Russia and the U.S. both appeared to suggest Thursday that their missions in war-torn Syria were coming to an end as the Islamic State militant group (ISIS) and other insurgents were mostly defeated, Newsweek informs.
As the Moscow-backed Syrian military and its allies forced rebel and jihadi groups in the Damascus suburbs of eastern Ghouta into reconciliation agreements, Russian Foreign Ministry spokeswoman Maria Zakharova told state-run RIA Novosti that the “counter-terrorist operation” near the Syrian capital was “nearly over,” according to Reuters.
Meanwhile, a White House reporter for One America News said President Donald Trump had announced he was planning to withdraw U.S. troops from Syria, where the government considered their presence to be illegal. “We’ll be coming out of Syria like very soon,” Trump said, according to OAN reporter Trey Yingst.
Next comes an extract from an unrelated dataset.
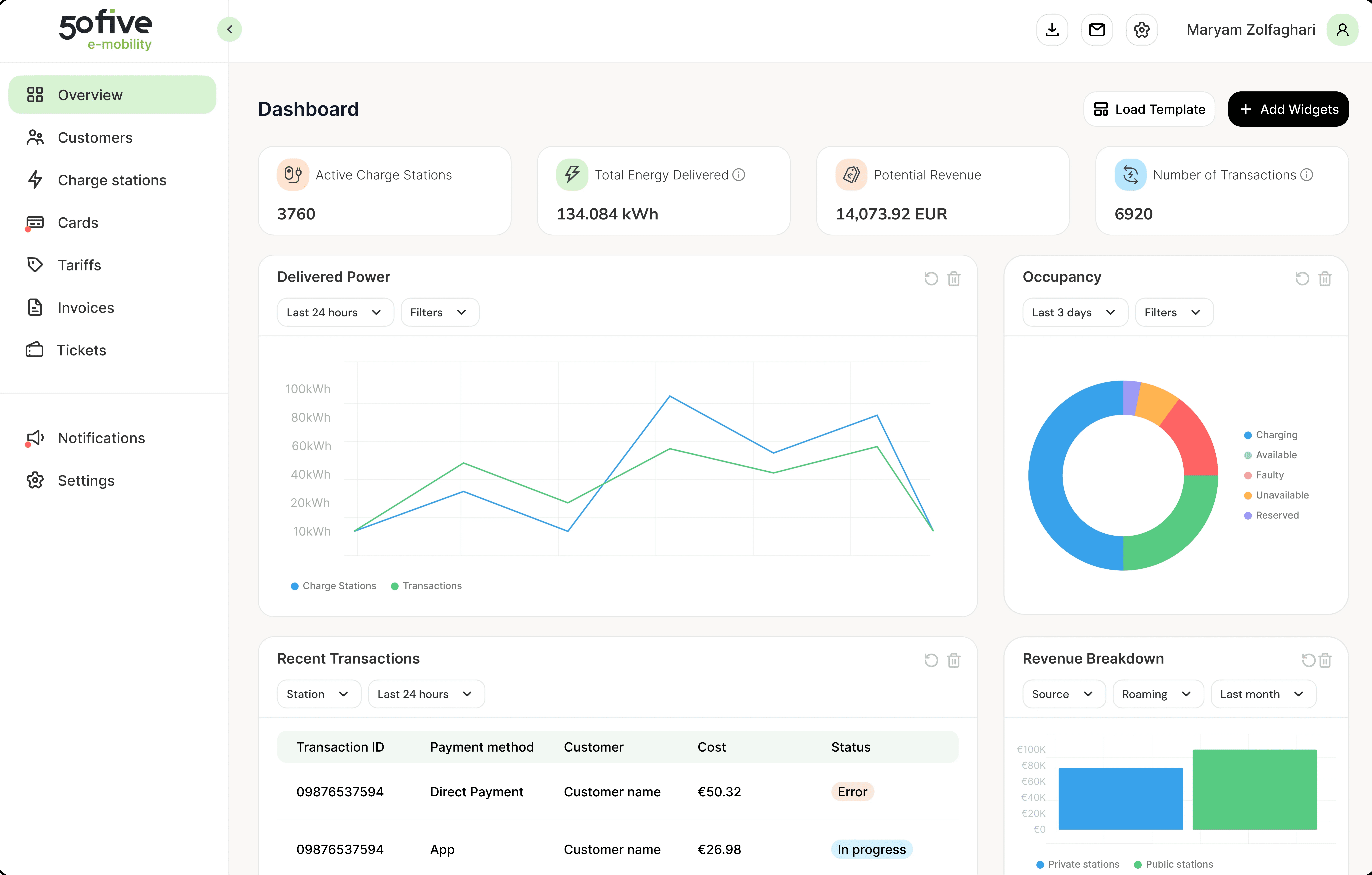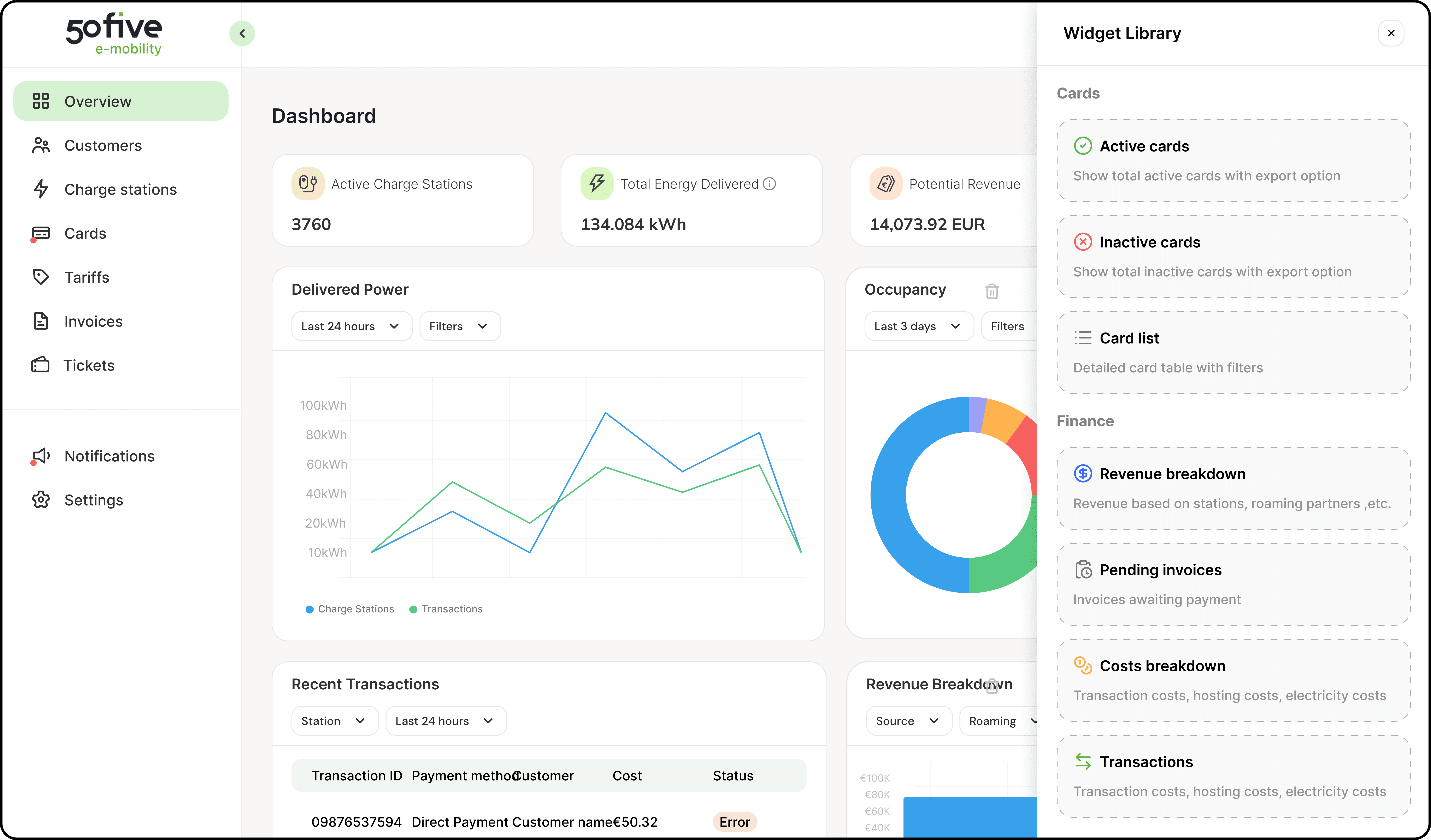 Individual overviews for Cards, Stations, Customers, etc.

The U.S. and Russia have pursued separate military campaigns with the stated purpose of defeating terrorist groups, mainly ISIS, in Syria. The U.S., however, became involved in Syria’s seven-year civil war before the rise of ISIS and supported various insurgent groups trying to topple Syrian President Bashar al-Assad since 2011. The covert CIA program to back rebels dwindled as Islamic fundamentalist influence spread throughout the opposition, Newsweek adds.
ISIS, which grew out of a merger of ultraconservative Sunni Muslim groups following the 2003 U.S. invasion of Iraq, spread to neighboring Syria in 2013 and, by 2014, had taken over half of Iraq and Syria. That same year, the U.S. formed a multinational coalition to begin bombing the militants and swapped support for the largely Arab Sunni Muslim Syrian opposition for Syrian Kurdish groups such as the People’s Protection Units (YPG). The Pentagon established the mostly Kurdish Syrian Democratic Forces in 2015.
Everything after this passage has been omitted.